Vision Transformers: From Semantic Segmentation to Dense Prediction

Read original: arXiv:2207.09339 - Published 8/6/2024 by Li Zhang, Jiachen Lu, Sixiao Zheng, Xinxuan Zhao, Xiatian Zhu, Yanwei Fu, Tao Xiang, Jianfeng Feng, Philip H. S. Torr

👀

Overview

Vision transformers (ViTs) have emerged as a new approach to image classification, shifting away from traditional convolutional neural networks (CNNs).
ViTs learn visual representations by processing an image as a sequence of patches, capturing the full receptive field at each layer.
This work explores the potential of ViTs for dense visual prediction tasks, such as semantic segmentation, object detection, and instance segmentation.

Plain English Explanation

The paper investigates how the global context learning capabilities of ViTs can be leveraged for dense visual prediction tasks. The key idea is that by learning global context at each layer, ViTs may be able to capture stronger long-range dependencies, which are crucial for tasks like semantic segmentation.

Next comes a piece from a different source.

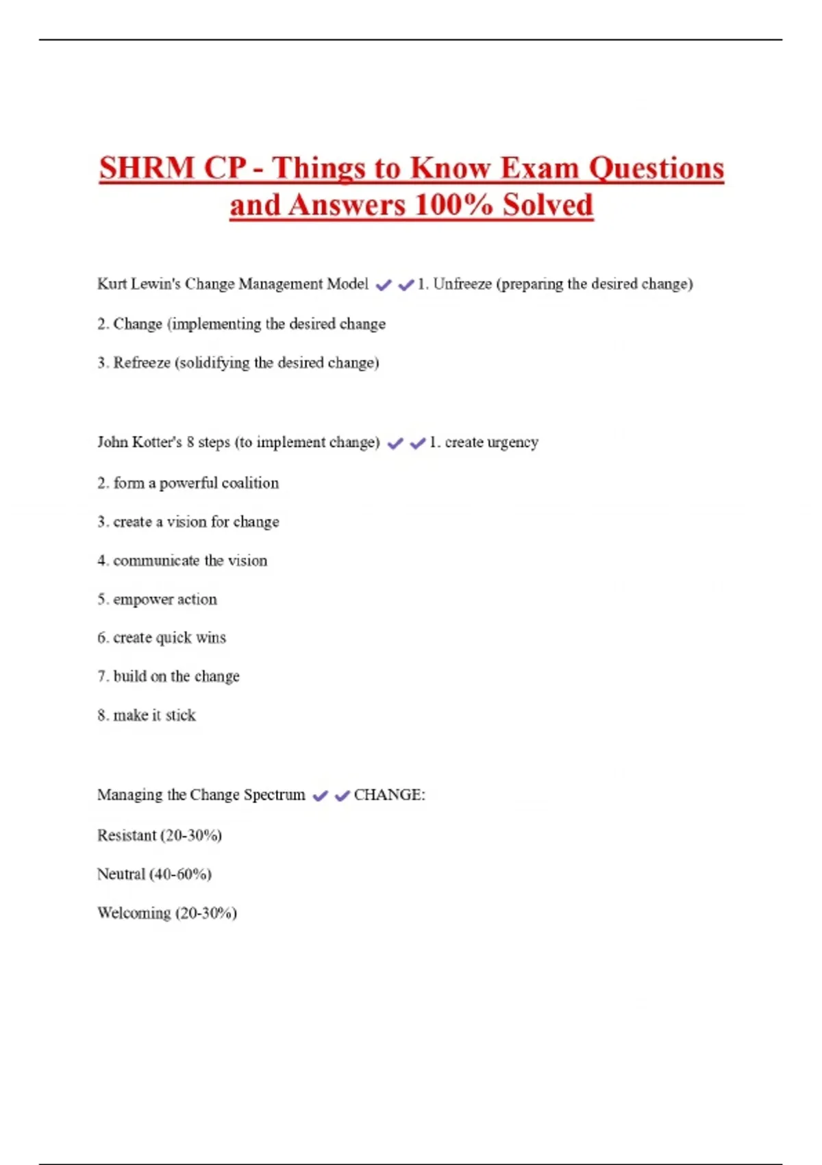 1 Exam (elaborations) SHRM CP - Things to Know Exam Questions and Answers 100% Solved 2 Exam (elaborations) SHRM CP – Organization Exam Questions with Complete Solutions 3 Exam (elaborations) SHRM-CP Practice Exam Questions and Answers 100% Solved 4 Exam (elaborations) Practice Test- SHRM CP Exam Questions and Answers Graded A+ 5 Exam (elaborat

The authors first demonstrate that a vanilla ViT architecture, without local convolution or resolution reduction, can outperform CNNs on semantic segmentation tasks. They introduce a model called SETR, which achieves state-of-the-art performance on the ADE20K dataset.

However, the basic ViT architecture falls short for broader dense prediction tasks, such as object detection and instance segmentation, due to its lack of a pyramidal structure, high computational demand, and insufficient local context.

To address these limitations, the authors propose a family of Hierarchical Local-Global (HLG) Transformers, which combine local attention within windows and global attention across windows in a pyramidal architecture. This design allows for more efficient and effective dense visual prediction.

Technical Explanation

The key contributions of this work are:

Exploring Global Context Learning with ViTs: The authors demonstrate that a vanilla ViT architecture, without local convolution or resolution reduction, can outperform CNNs on semantic segmentation tasks. They introduce the SETR model, which achieves state-of-the-art performance on the ADE20K dataset.
Hierarchical Local-Global (HLG) Transformers: To address the limitations of basic ViTs for broader dense prediction tasks, the authors propose a family of HLG Transformers. These models combine local attention within windows and global attention across windows in a pyramidal architecture, allowing for more efficient and effective dense visual prediction.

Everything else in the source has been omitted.